Inducted 2016
Columnist, Detroit Free Press
Rochelle Riley has spent 15 years penning award-winning columns for the Detroit Free Press, where she has been a passionate crusade for children and a courageous advocate for community responsibility. Her focuses have been education, popular culture, politics and race. Riley spent 14 years raising awareness about the need to improve adult literacy and raised more than $1 million for Michigan literacy causes.
Riley began her career in her home state of North Carolina and did reporting and editing stints in Dallas, Fort Worth and Washington D.C. In 1992, she became the first African-American news executive at The Courier-Journal in Louisville, where she supervised six departments, edited numerous award-winning projects and helped plan annual coverage of the Kentucky Derby.
In 1996, she became a columnist. Her debut, which called on Louisville to build a museum to honor Louisville native Muhammad Ali, helped spur an $80 million campaign to build the Muhammad Ali Center, which opened in 2005.
Riley was a 2007-2008 Knight-Wallace Fellow at the University of Michigan where she studied online communities and film.

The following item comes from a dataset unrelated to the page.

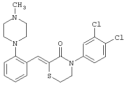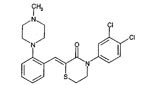 Соединение 4-(3,4-дихлорфенил)-2-[2-(4-метилпиперазин-1-ил)бензилиден]тиоморфолин-3-он является антагонистом рецептора серотонина-1D (5-HT1D) и может использоваться при лечении ряда расстройств, заболеваний и состояний центральной нервной системы. Данное соединение, в частности, может использоваться при лечении гипертензии, всех форм депрессии, депрессии раковых больных, депрессии больных болезнью Паркинсона, депрессии больных, перенесших инфаркт миокарда, субсиндромальной симптоматической депрессии, депрессии у бесплодных женщин, детской психоневрологической депрессии, глубоких депрессивных расстройств, единичных приступов депрессии, рецидивирующей депрессии, детской депрессии, вызванной плохим обращением, послеродовой депрессии, дистимии; мягкой, средней или тяжелой форм депрессии с атипичными признаками, меланхолическими признаками, психотическими признаками, кататоническими признаками или без них; сезонного эмоционального расстройства, старческой депрессии, хронической депрессии; расстройства регуляции при состоянии подавленности или при состоянии тревоги и подавленности; смешанного состояния подавленности и тревоги; расстройства настроения, вызванного каким-либо веществом; и вторичного расстройства настроения, обусловленного общим состоянием, биполярного расстройства, биполярного расстройства в фазе угнетения, расстройства при состоянии общей тревоги, фобий, агорафобии, состояния тревоги при общении, социофобии, простых фобий, расстройства при состоянии разобщенной тревожности, синдрома посттравматического стресса, расстройства при отрешенном сознании личности, преждевременной эякуляции, нарушений акта приема пищи, расстройства, связанного с потреблением алкоголя, нервно-психической анорексии, нейрогенной булимии, тучности, зависимости от химических препаратов и пристрастия к алкоголю, кокаину, героину, фенобарбиталу, никотину, марихуане и бензодиазэпинам; гистаминовой головной боли, мигрени, боли, болезни Альцгеймера, обсессивно-компульсивного расстройства, расстройства панического типа, расстройства панического типа с агорафобией, нарушений памяти, слабоумия, амнезии, и возрастного снижения когнитивной способности (ARCD), болезней Паркинсона, слабоумия при болезни Паркинсона, паркинсонизма, вызванного нейролептиками, поздней дискинезии, эндокринных расстройств, гиперпролактинаемии, вазоспазма, сужения сосудов в церебральной сосудистой сети, мозжечковой атаксии, расстройств желудочно-кишечного тракта, включающих изменения в сократительной способности и секреции, негативных симптомов шизофрении, предменструального синдрома, синдрома фибромиальгии, недержания мочи при напряжении, синдрома Тоуретта, трихотилломании, клептомании, мужской импотенции, рака, мелкоклеточного рака легких, хронической пароксизмальной гемикрании, головной боли, связанной с сосудистыми нарушениями, аутизма, глубокого развивающегося расстройства, без уточнения диагноза (NOS), нарушения Аспергера, избирательного мутизма, хронического моторного или голосового тика, соматизации, бессоницы, перемежающихся скачкообразных расстройств, пиромании, патологического пристрастия к азартным играм, расстройства контроля мотивации, предменструальной дисфории, дефицита внимания при гиперактивности (ADHD) у млекопитающих, 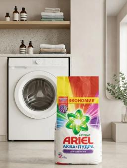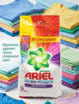 Ariel Color awtomat kir ýuwujy maşynlarda reňkli eşikleri ýuwmak üçin niýetlenen ýokary hilli serişdedir. Onuň täze «Akwapudra» tehnologiýasy suw bilen galtaşanda derrew ereýär, matanyň süýümlerine çuň aralaşýar we kyn tegmilleri matanyň ýüzünde yz galdyrmazdan aňsatlyk bilen aýyrýar. Serişde eşiklerde uzak wagtlap galýan adaty terlik ysyna eýedir. Düzüminde hlorly agardyjy maddalar ýokdur, bu bolsa matanyň süýümlerini könelmekden goraýar we reňkleriň ilkinji günki ýaly ýarky galmagyny üpjün edäýär. 3 kg-lyk gap ortaça agramlykdaky (4-5 kg) kirler üçin takmynan 20 gezek ýuwmak üçin ýeterlikdir.

She has been honored with dozens of awards for writing and community service including: the 2013 National Headliner Award for best column; the Will Rogers Humanitarian Award for community service from the National Society of Newspaper Columnists; and multiple first place column honors from the National Association of Black Journalists.
In 2015, Hour magazine readers named her Detroit’s best female columnist for the sixth year in a row.